Eleonora Pimentel lived and studied in Naples in a time in which the city was the capital of the Kingdom of Naples and one of the cultural capitals of Europe. She had mail correspondence with Voltaire and Metastasio who both admired her intellect. It was a very vivid and international intellectual world in which she fast became a protagonist. Her world was in ferment with ideas of liberty, equality and freedom from oppression. But with the bloody end of the French Revolution and the establishment of the French Directory the king, Ferdinand IV, and his wife Carolyn, who was the sister of Marie Antoinette, suspicious of illuminism and of intellectuals, determined on a policy of harsh repression. 

Without describing the international political dynamics and the battles which were necessary, I believe this revolution and the ideal on which it was based are still important and capable of giving a true understanding of democracy. 

If the political effect was to change the form of government with the pushing out of the monarchy and the setting up of the Republic of Naples, what was sustained as central to this shift was education, and an awareness of what would come to be called later in the century the proletarian population. A republic that was for  all of its citizens

The work of Eleonora was cardinal for this goal: she was the editor of a news sheet called “Monitore Napoletano”. She wrote it in Neapolitan dialect so that it could be spread through all classes and to reach those who were able to speak only Neapolitan. It was a revolution moved from an intellectual ”elite” but totally focused on the idea that the core of every democracy was the education of all the citizens: in fact, in the constitution act of the Republic, which even in a revolutionary time can be seen to be extraordinarily enlightened, culture was central and the republicans imagined a constitutional court (the first ever realized) that was meant to supervise and to ensure that the democratic sharing purpose would always be followed. (I guess that the reasons for my fascination are pretty evident)

The Republic lived only five months (from the 23rd of January to the 13th of June 1799), it was overthrown by the resurgent Spanish monarchy with the support of the lower classes for whom the Republic had fought. After an armistice in which it was agreed that the rebels would not be punished, the king reneged on his promise and killed them all: all the  intellectuals and activists, of every age, all who had stood for the Republic. Even the Tsar of Russia, who had helped the king Ferdinand (his cousin) in his overcoming the Republic, asked  in vain that the king should show clemency believing that to kill so many would leave Europe more poor. 

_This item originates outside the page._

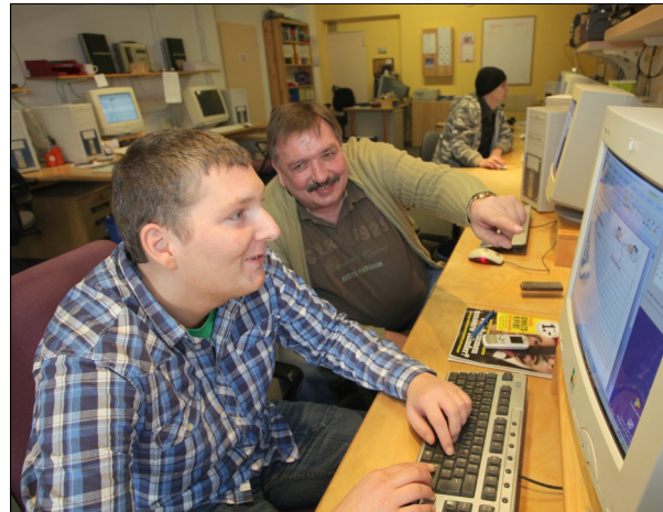
Kreatives Gestalten in der CD-Repro

Die tägliche Arbeitszeit beträgt 4 Stunden und kann im 3. Modul auf 6 Stunden erhöht werden.

This dramatic history left Naples weak, the murder of several generations of intellectuals and the erasing of the intellectual life of the city, and its dream of emancipation and shared meaning, was a catastrophe that would resonate through the century and beyond. The city did not recover and, less than 100 years after, it was easy prey to the despoliation of its economy and culture during the process of the unification of Italy. 

Eleonora was a warrior of culture, she believed in its emancipating power but she was blocked by the time and by the politics and the economic strategies of a monarch who used the poorest in their desperation to serve his purpose. There was not time for the process of the social awareness for which she had fought to take hold. The consequences of this failure can be seen to have effect even until today, in the city, the region, and beyond it, after more than 200 years.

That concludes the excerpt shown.